Lucien Saumur writes:
> 
> In an article, dfb at bbs.cruzio.com (Mike Ossipoff) writes:
> 
> >About the use of x = .5 instead of 0:
> >
> >True, if you rank 2 candidates together in last place, or if you
> >don't rank either of them, then you're voting against them in the maximum
> >way: You're voting everyone else over them. _That's_ the sense in which
> >you've indicated that you want a maximum count against them.
> >
> >What you haven't done is indicate that you meant to rank each of them
> >over the other. As I said, it would be counting something that the voter
> >hasn't said. Harmless in, say Copeland, but not so harmless in a method,
> >like Condorcet, that counts votes-against.
> >
> >Most assuredly there's something wrong with x = .5 in Condorcet for
> >last-ranked or unranked pairs of alterntaives: Condorcet would lose its
> >properties of getting rid of the lesser-of-2-evils problem, getting
> >rid of the need for defensive strategy, and protecting majority rule.
> 
>           I do not understand what you mean by
> vote-against.

Condorcet's method, as I've defined it, says that:

If no 1 candidate beats each one of the others, then the winner is
the candidate who has the fewest voters ranking over him someone who
beats him.

In other words, for each candidate, determine which candidate who beats
him is ranked over him by the most voters. The number of voters ranking
that other candidate over him is the measure of how beaten he is. The 
winner is the candidate least beaten by that measure.

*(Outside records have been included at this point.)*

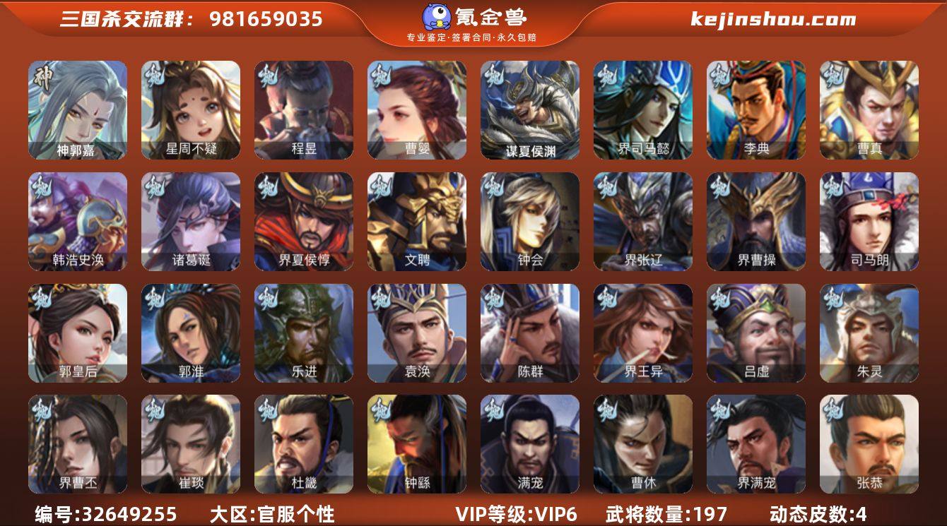 【4229】官阶:中军将军;VIP等级:VIP6;史诗武将数量:12;动态皮肤数量:4;武将总数:197;史诗宝珠数量:1;将魂数量:519;神将:1;魏国史诗武将:2;蜀国史诗武将:3;吴国史诗武将:2;群史诗武将:3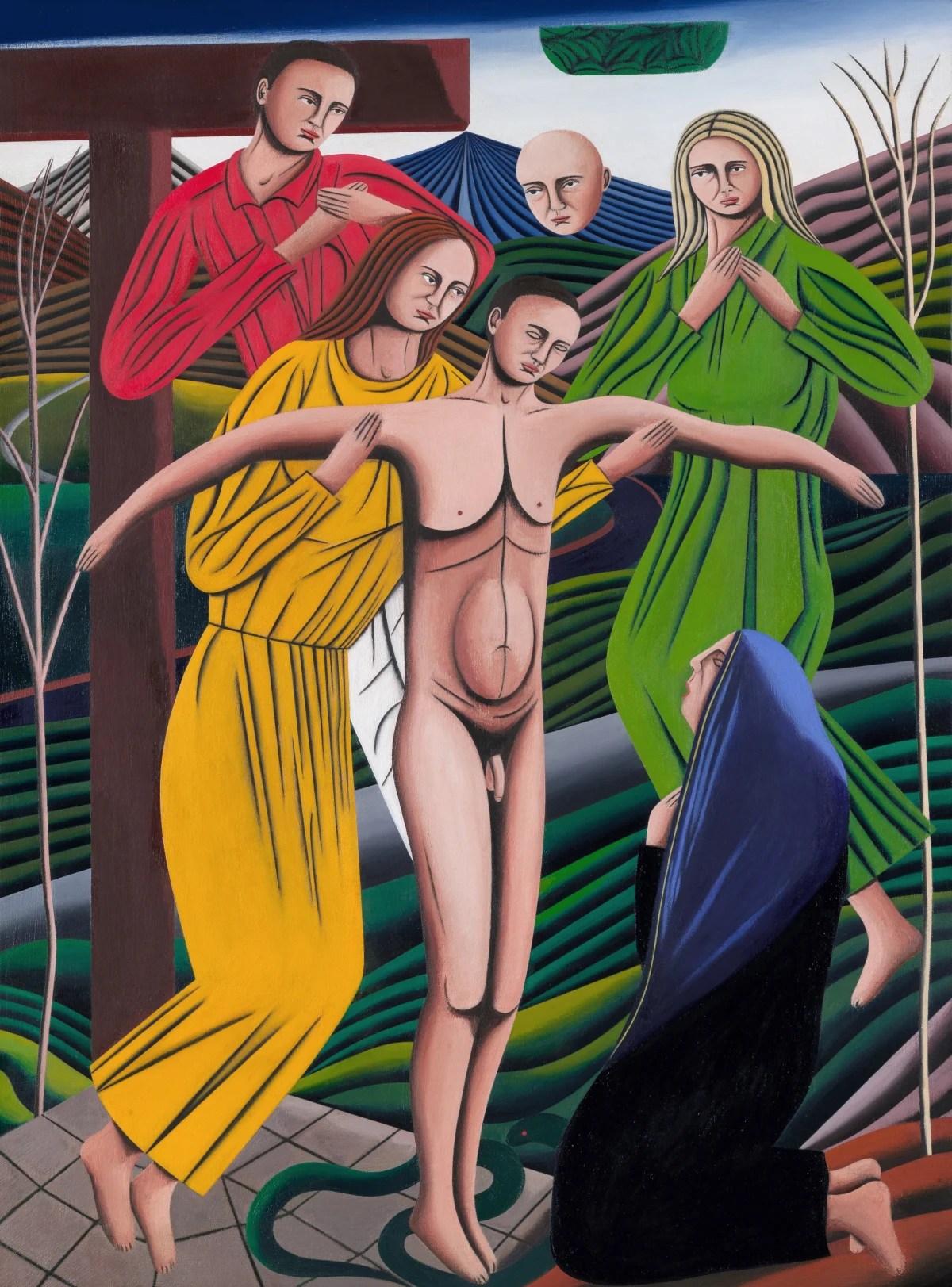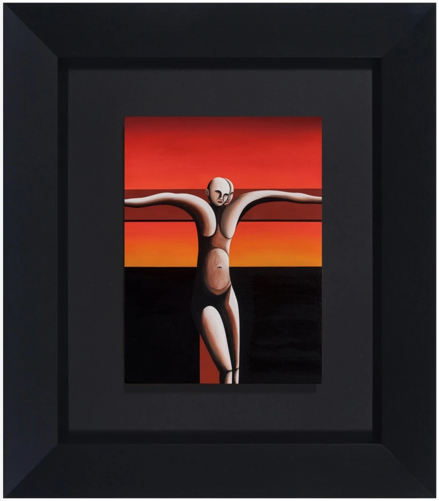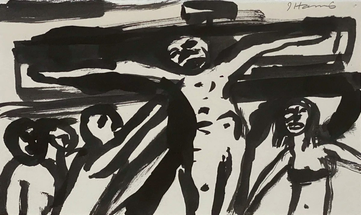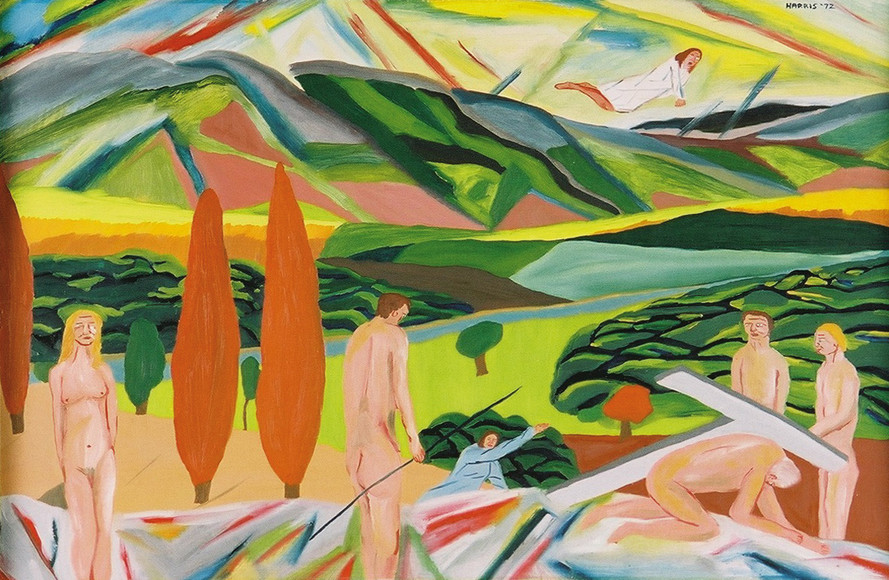 Jeffrey Harris (Akaroa, Nueva Zelanda 1949) es un artista que salvo por una pequeña estancia en los Estados Unidos, vive y trabaja en su país. Sin formación académica convencional, su obra muestra la influencias de Francis Bacon especialmente en lo concerniente a sus Crucifixiones de las que nos lega un gran número de pinturas y dibujos. Aunque sus trabajos iniciales se centran en el mundo doméstico con el tiempo su obra ha ido adquiriendo una fuerte inspiración religiosa.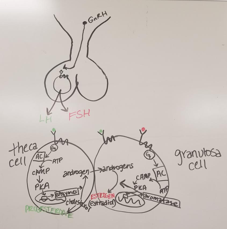 LH binds to theca cell on g-protein coupled receptor (GPCR). The Alpha-s subunit of GPCR activates adenyl cyclase, which will convert ATP to cAMP. cAMP will activate PKA which will bind to transcription factor of DNA in nucleus to transcribe enzymes. The enzymes will finish transcription, be translated in ER and finished in golgi. Finished enzymes will then be used to convert cholesterol into androgen and progesterone. Androgen will be sent to granulosa cell.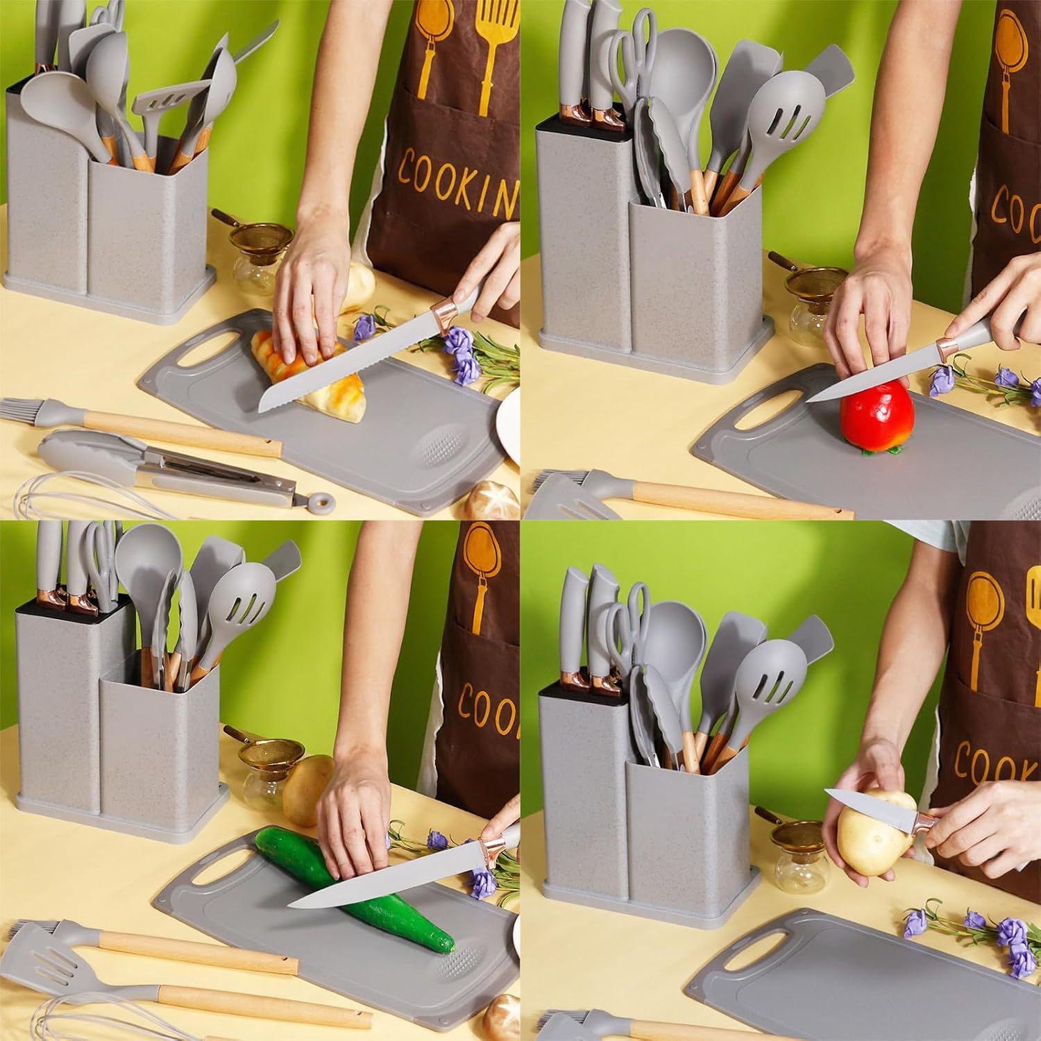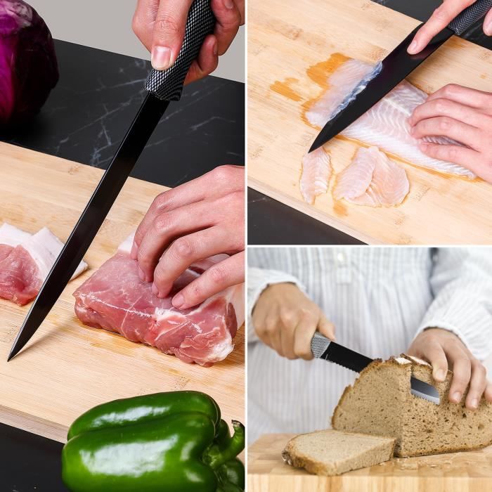 Que vous remuiez, coupiez ou retourniez, vous gardez un contrôle total tout en réduisant la fatigue des mains. Flearitzo Lot De 19 Couteaux De Cuisine En Silicone Avec 12 Ustensiles De Cuisine 5 Couteaux Planche A Decouper Et Support Passe Au Lave Vaisselle Noir Boîte de Rangement Élégante en Forme de Losange Gardez votre cuisine propre et organisée grâce à la boîte de rangement design en forme de losange – idéale pour un accès rapide et un gain de place. Accessoires Cuisine Vortix 19 Pièces Kit Ustensiles De Cuisine, Set De Couteaux Et Ustensiles De Cuisine, Set De Spatule Silicone Avec Poignée En Bois, Noir Couteaux Inox Et Ustensiles Silicone Poignées ergonomiques antidérapantes – Confort et contrôle optimal Chaque ustensile est équipé d’une poignée ergonomique antidérapante qui assure une prise en main confortable même lors d’une longue utilisation. Parfait pour la cuisine quotidienne ou les repas festifs, il vous accompagne de la préparation à la présentation. Bloc en bambou de qualité avec 5 couteaux, idéal pour tous les amateurs de cuisine. Ce bloc à couteaux combine fonctionnalité et esthétisme, apportant une... Cadeau Parfait pour Tous les Cuisiniers Présenté dans un bel emballage, ce set est une excellente idée cadeau pour les anniversaires, mariages, pendaisons de crémaillère ou toute autre occasion. Parfait pour un cadeau de pendaison de crémaillère, mariage ou pour les passionnés de cuisine, un présent utile et esthétique. Les ustensiles en silicone - y compris un fouet, une spatule, une louche, une cuillère à pâtes et diverses cuillères de cuisson - sont résistants à la chaleur et ne rayent pas vos ustensiles de cuisine Compatible avec tous les modes de cuisson et doux pour toutes les casseroles, comme antiadhésives, fonte ou céramique, prolongeant la durée de vie des ustensiles et des casseroles. Silicone alimentaire résistant à la chaleur – Cuisine sûre sans souci Tous les ustensiles sont fabriqués en silicone alimentaire de haute qualité, sans BPA, résistant jusqu’à 230 °C. Kit Complet de 19 Pièces Cet ensemble contient 5 couteaux en acier inoxydable, 1 planche à découper et 13 ustensiles en silicone pratiques pour répondre à tous vos besoins culinaires du quotidien. Description du produit Couteaux en acier inoxydable de haute qualité – Tranchants et durables Les couteaux sont fabriqués en acier inoxydable résistant à la rouille et à la corrosion. Utilisation Confortable et Sécurisée Les poignées ergonomiques antidérapantes assurent une prise en main confortable et stable pendant la cuisson, même avec les mains mouillées.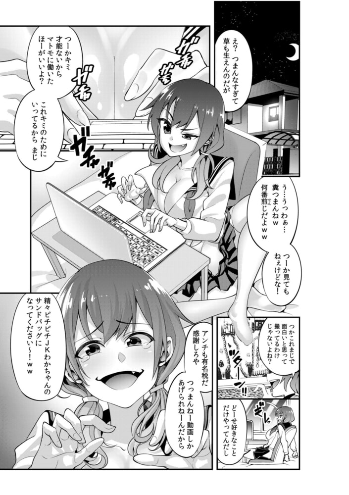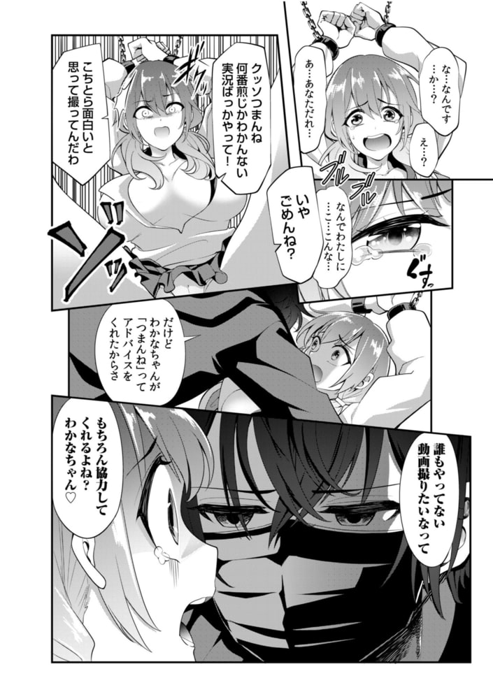 「嘘やだやだやだっ!赤ちゃんできちゃう…!」JK・わかなのストレス発散法は、配信動画への荒らしコメント!毒舌絶好調のわかなは、あばろんを名乗る配信者の動画に罵詈雑言コメントを書き込む…マウントをとって満足していたわかなだったが、突然あばろんの部屋に閉じ込められてしまう…そしてあばろんは『「性悪JKは何度イッたら改心するのか?」という面白ゲームをやっていきます!』と、宣言!そう、あばろんの性的報復実況が始まったのだ!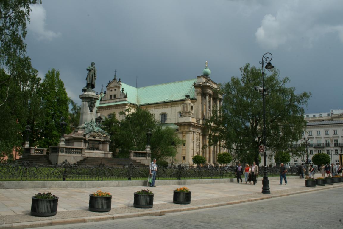 Vor einem weiteren mächtigen Gebäude, dem Staszic-Palais, wo heute der Sitz der Leitung sowie die Bibliothek der Polnischen Akademie der Wissenschaft untergebracht ist, ist das Kopernikus-Denkmal.1944 wurde das Denkmal bereits zum Verschrotten gebracht, aber irgendwie gerettet. Es gibt zwei weitere identische - da nach dem gleichen Modell gegossene- Denkmäler noch in Chicagog und Monetral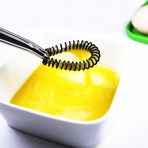 FOOD GRADE MATERIAL: This mini spring egg beater crafted by stainless steel with silicone coil, durable and eco-friendly
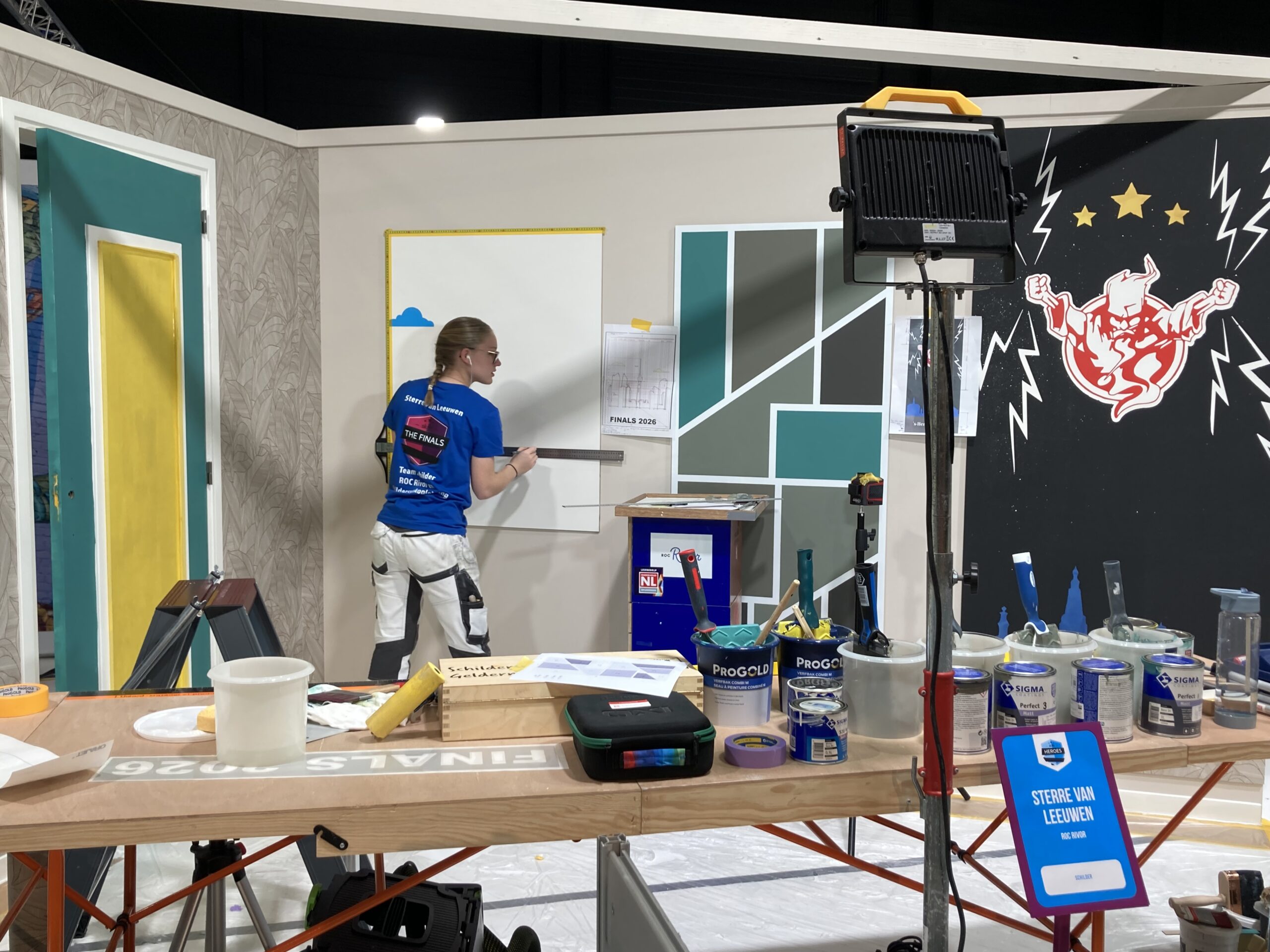 Kort daarna was het de beurt aan Sterre van Leeuwen. In de Brabanthallen in Den Bosch etaleerde zij haar talent voor het schildersvak. Een extra diepe buiging is hier op zijn plaats: Sterre is pas in september gestart met haar opleiding, maar stond nu al tussen de beste schilders van Nederland. Twee dagen lang werkte ze onder hoogspanning, maar met een glimlach, aan haar opdrachten.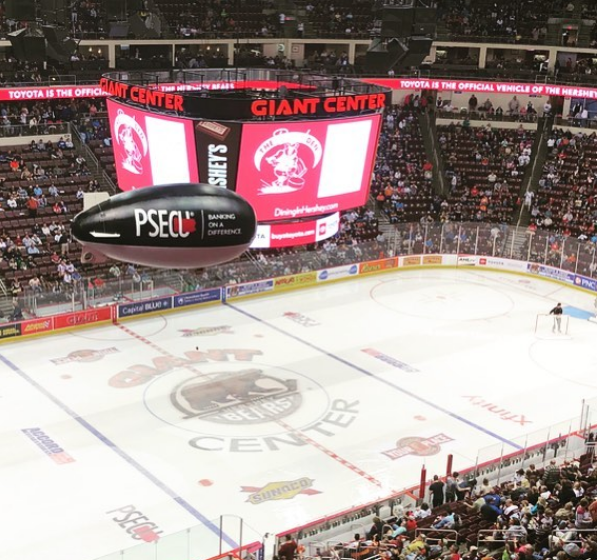 For this sponsored fan engagement experience at Hershey Bears games, a remote controlled blimp floated around the ice rink, dropping money with a special message about how fans could get more money back in their pockets by joining PSECU. One golden ticket was also dropped during the game, which could be redeemed for a prize. This was also paired with a PA announcement and digital video.

Because, in each pairwise comparison in which X is beaten, Condorcet's
circular-tie-breaker counts only the votes for the other candidate over
X, I call that "votes-against".

> 
>           I understand Condorcet to compare each candidate
> to every other candidate. Whether you count the unranked
> candidates as having obtained .0 or .5 vote against each
> other does not change the result of the comparison.

Not if there's a candidate who beats each  one of the others. In
that case, when we're determining if A beats B, of course it
doesn't matter which way we treat a pair of unranked candidates.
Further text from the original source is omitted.